I'm confused here, why was it necessary for the aide to grade the test? I appreciate her being there to give the test, but if it's my test I grade it, not the aide who doesn't understand what I teach, and wouldn't nor shouldn't be expected to know how to grade the answers to questions that may at times require the understanding of the instructor to appropriately confer extra credit.
This IEP thing is out to lunch and merits tightening down. If an IEP confers unlimited time to the student that's counterproductive to everyone, and if the student couldn't get the material in on time during the course of the quarter or semester, how in the world were they suddenly able to get it all done prior to the end of the semester? IEP should be for accommodating a child's disabilities, not stretching common sense and reasonableness to the point where they hardly exist in an interaction between student and teacher.
James, I graded the test. You know what? I am NEVER again giving one of these people a copy of my final, much less helping out with "questions" that the aide/case manager is confused about.
We are supposed to be as cooperative with the special ed people as we can be, and I usually try to be.
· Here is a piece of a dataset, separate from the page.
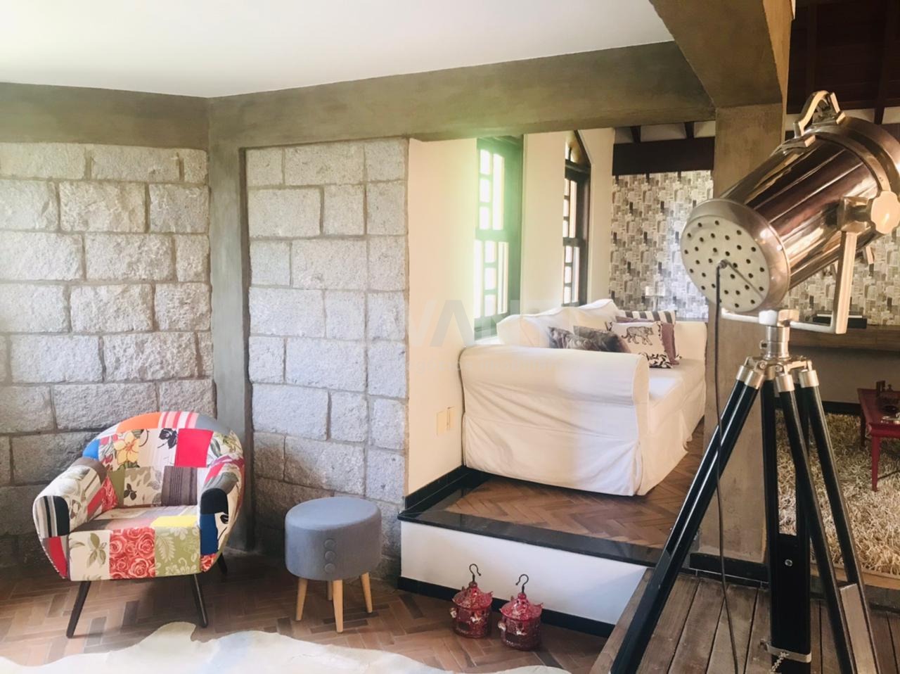 No piso superior são 03 amplas suítes com ar condicionado, sendo a máster com banheira hidromassagem e closet. No piso térreo temos um hall de entrada, lavabo, escritório com vista para o jardim, living para 03 ambientes, cozinha planejada com sala de refeição, lavanderia e dependência de serviço completa. Maravilhoso espaço gourmet com churrasqueira, home theather, sala de jogo e banheiro de apoio. Quintal com muito verde, jacuzzi com deck de madeira. Casa com charme rústico, vigas aparentes e piso cerâmico, sinta-se vivendo no seu refúgio nas montanhas. Excelente localização em Valinhos, próximo ao Centro e a uma grande rede de comércios como farmácias, postos, padarias e outros.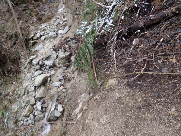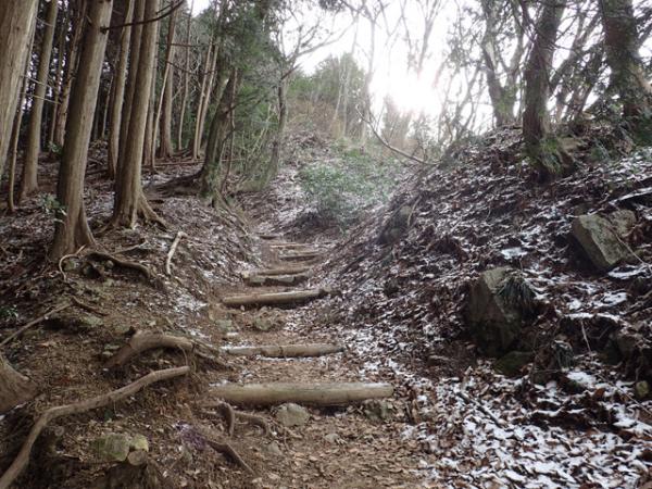 かなりの急坂で登りに使っても下りに使ってもしんどそうな道でした。

But this incident was completely outrageous.
And the problem with IEPs that I have seen is that they often foster a culture of entitlement, not to mention the fact that these kids never seem to be moved towards learning how to accomodate life with their disability as much as possible, instead of the other way around. And that's a BIG problem in terms of these kids' futures, IMHO.
That makes more sense - and you're right, the behavior was out to lunch.
As for IEPs and entitlement - amen to that. I understand some accommodations, extra time on a test, extra assistance, etc., but bending the rules to such a degree that the kid, and all too often his or her parents, figure they can dodge behind them whenever they encounter a difficult situation, I mean you want to tear your hair out. It's to the point where you have to write the IEP like you're a lawyer if you're to keep it from getting "too" accommodating such that the kid is living in his or her own little world, a world that will evaporate as soon as they walk outside the walls of the school and then what are they left with?